METHODS: 307 HBeAg-positive patients with chronic hepatitis B were assigned combination therapy (100 microg/week pegylated interferon alfa-2b and 100 mg/day lamivudine) or monotherapy (100 microg/week pegylated interferon alfa-2b and placebo) for 52 weeks. During weeks 32-52 the pegylated interferon dose was 50 microg/week in both treatment groups. The analyses were based on the modified intention-to-treat population after exclusion of 24 patients from one centre withdrawn for misconduct, ten who lost HBeAg before the study start, and seven who received no study medication. All included patients were followed up for 26 weeks after treatment.

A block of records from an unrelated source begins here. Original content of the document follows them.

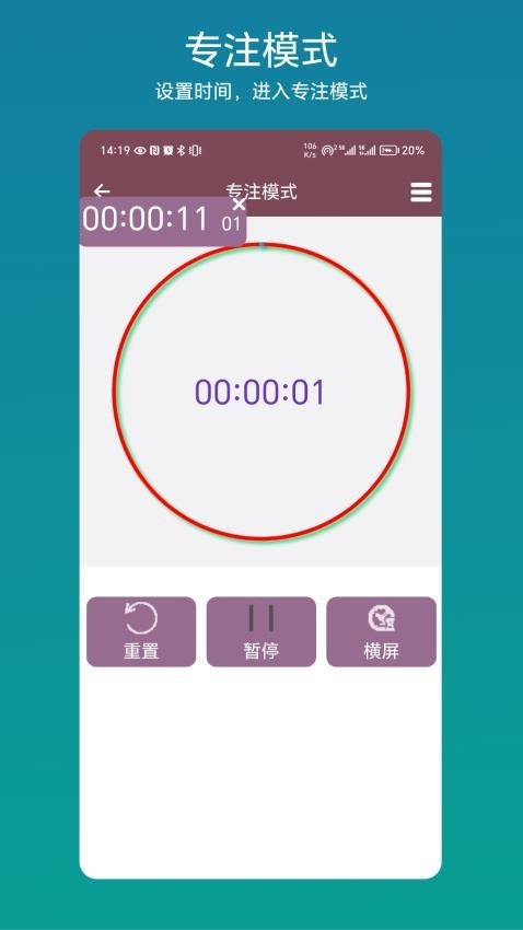 需要集中注意力时,开启专注模式,并可设置密码保护,防止误操作,保证计时过程不中断。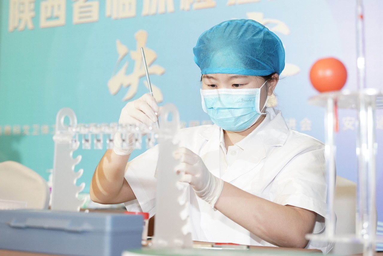 西安交通大学第二附属医院刘泽世作为选手代表进行宣誓,表示在比赛中自觉服从大赛安排,严格遵守比赛规则和赛场纪律,发挥技能专长,赛出成绩、赛出水平、赛出风格。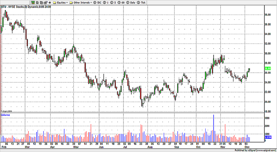 Véleményünk szerint a Peabody Energy Corp. nevű amerikai szénbánya lehet a történet egyik nyertese. A vállalat hat kontinensen van jelen, és 29 bányával rendelkezik. 2011-ben közel 9 milliárd tonna szenet termelt ki és juttattak el a fontosabb kereskedelmi partnereknek.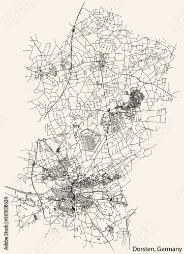 Fototapeta premium Detailed navigation black lines urban street roads map of the German town of DORSTEN, GERMANY on vintage beige background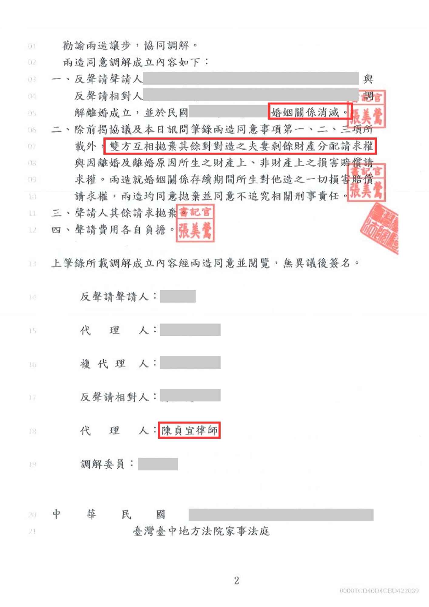 陳貞宜律師離婚調解成功,雙方放棄剩餘財產請求權-訴研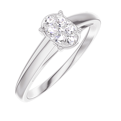 « L'ATELIER » Nº209903Anillo Oro blanco 18 quilates - Conjunto de diamantes naturales Ovalo equivalente 0.5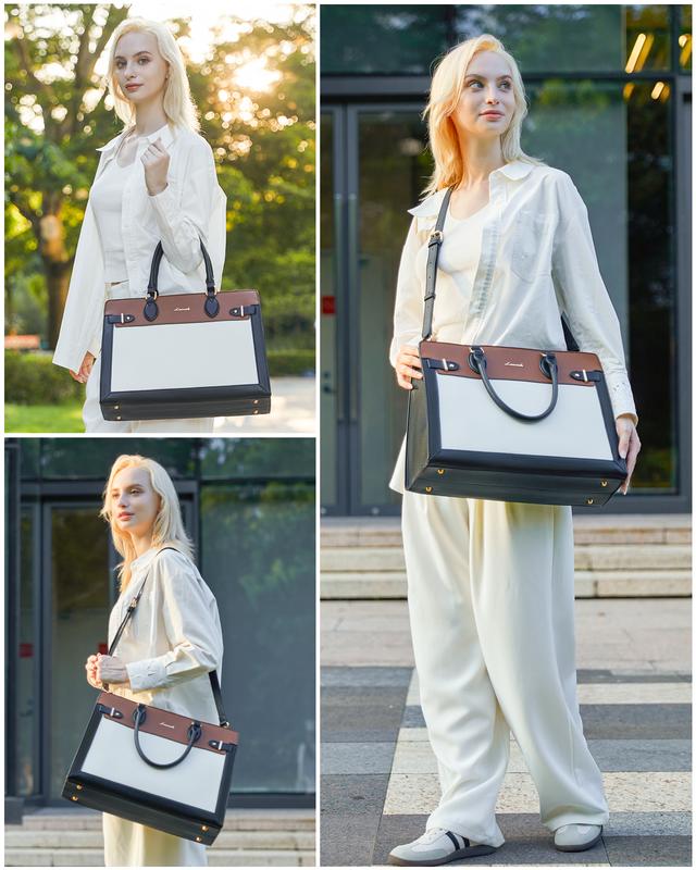 Love this bag!! It fits literally everything I need. Laptop, 40oz water bottle, padfolio, snacks, pens, folders the perfect business women bag!! BOSS LADY!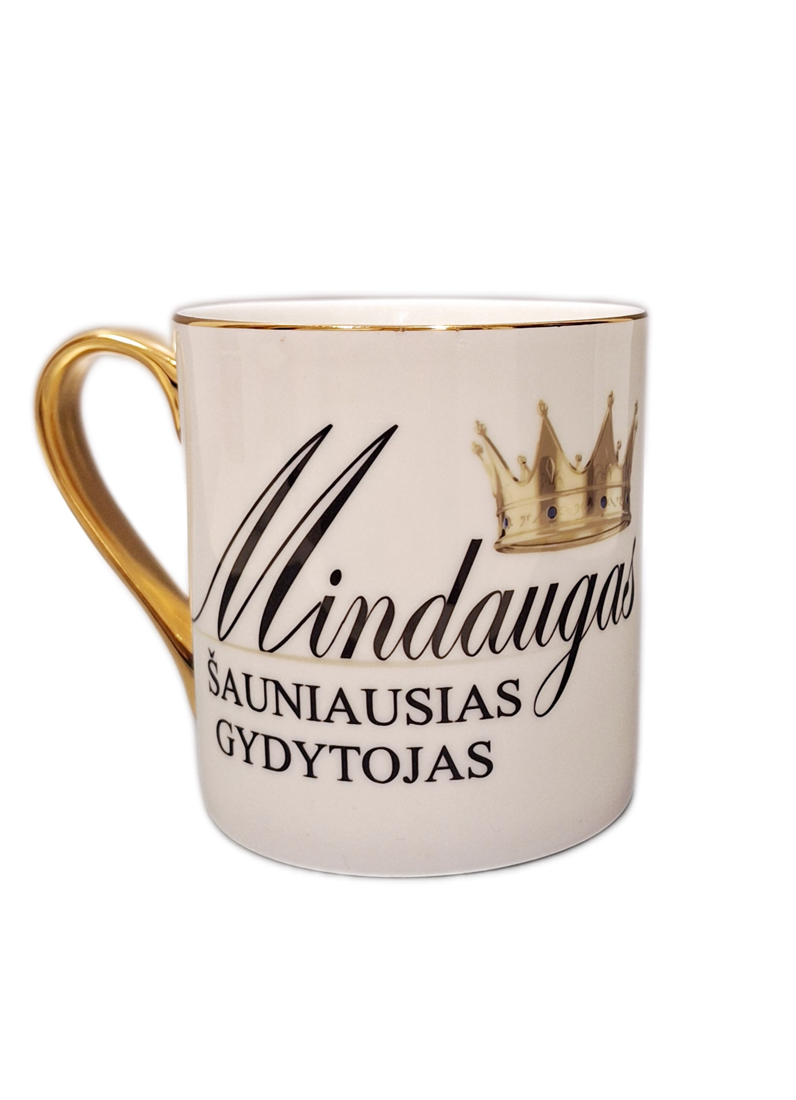 Prabangus porcelianinis puodelis su aukso spalvos rankenėle.

FINDINGS: 49 (36%) of 136 patients assigned monotherapy and 46 (35%) of 130 assigned combination therapy had lost HBeAg at the end of follow-up (p=0.91). More of the combination-therapy than of the monotherapy group had cleared HBeAg at the end of treatment (57 [44%] vs 40 [29%]; p=0.01) but relapsed during follow-up. Patterns were similar when response was assessed by suppression of serum hepatitis B virus (HBV) DNA or change in concentrations of alanine aminotransferase. Response rates (HBeAg loss) varied by HBV genotype (p=0.01): A, 42 (47%) patients; B, ten (44%); C, 11 (28%); and D, 26 (25%).

INTERPRETATION: Treatment with pegylated interferon alfa-2b is effective for HBeAg-positive chronic hepatitis B. Combination with lamivudine in the regimen used is not superior to monotherapy. HBV genotype is an important predictor of response to treatment.